In summertime it was the dust. When it was wet, mud. “You couldn’t clean your car enough,” Hester said. “We will be glad to see it all done.”

Many are happy for what they see as real progress: Goodbye to failing septic systems, hello to properly paved streets with concrete curb and gutter. But at least one resident isn’t so sure.

Miriam Syme has lived on Bleakhorn Drive for the past 56 years, and she rues the day in 1974 when Nansemond County and the city of Suffolk merged, bringing her community under the city’s jurisdiction.

“I’m of a mind to have kept us Eclipse and never gotten involved with the city of Suffolk,” Syme said.

The North Suffolk project is one of 23 to extend sewer and water undertaken by the city since 1994, according to Moore. Three of those — Crittenden/Eclipse as well as Turlington Park and Lake Speight — are ongoing after being petitioned back in the early 2000s then deferred when the economy soured.

The city petitions prospective projects after first receiving a letter of interest, then looking at the long-range plan for capital improvements and deciding if they could be accommodated, Moor said.

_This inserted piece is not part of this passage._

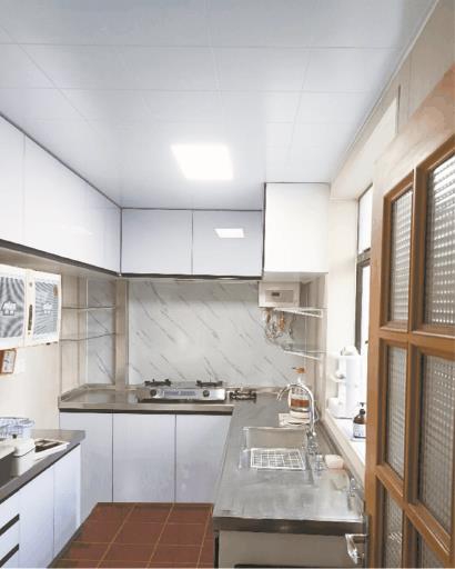 原来,厨房白色吊顶、墙面上铺贴的暖白色碳纤维快装墙板,对于整个氛围的营造作用不小。就记者的采访经历,对于这一材料很多沪上老人并不熟悉,而此前在日本生活过一段时间的王阿姨却告诉记者“很眼熟”,“以前我住日本的时候,酒店、宾馆用的都是这种板材,有些人家也会用。”
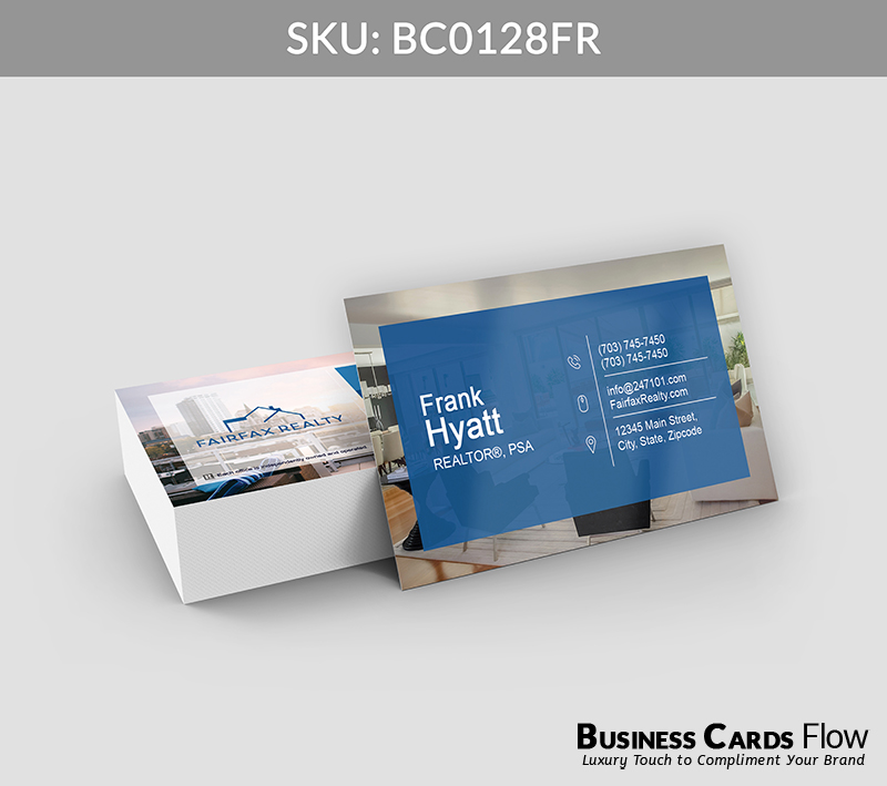 Designed for the modern real estate professional, this vibrant yet refined card layout captures attention while preserving an air of polished sophistication. The use of Fairfax Realty’s signature Blue and White tones throughout ensures your brand presence feels both elevated and unmistakably aligned with your brokerage’s trusted image.

For a project to progress, a petition response rate of at least 51 percent is required, with two-thirds or more respondents being supportive. The petition is sent to each improved property.

In Crittenden/Eclipse, according to Moor, residents agreed to connection charges totaling $1,305, after an environmental incentive reimbursement for disconnecting septic tanks and hooking up to the city system.

Here, it starts to get a bit technical: On the end of two of the streets in phase 2 — Dixon Road and Wigneil Street — the contactor had to “run a small force main” because the lay of the land means the wastewater has to be pumped up hill, Moore said.

Those residents would require a private grinder pump, so the city code does not require them to connect. But for all those with gravity on their side, it’s mandatory.

The Canada household on Wigneil Street is happy to connect. “We’ve lived here since 1979, and we’re delighted to have (city) water and sewer come through here,” Sandy Canada said.

A lot of the septic systems, theirs included, have failed over the years because of the poor-draining clay soil, she said.

It’s not as much of a problem for Sandy and Jesse Canada now that their three daughters have left home. But before, all that showering caused headaches with their two-drain-field system.

The idea of the double fields was to switch from one to the other about every two years, Sandy Canada said. But in reality, they had to flip as often as every two months.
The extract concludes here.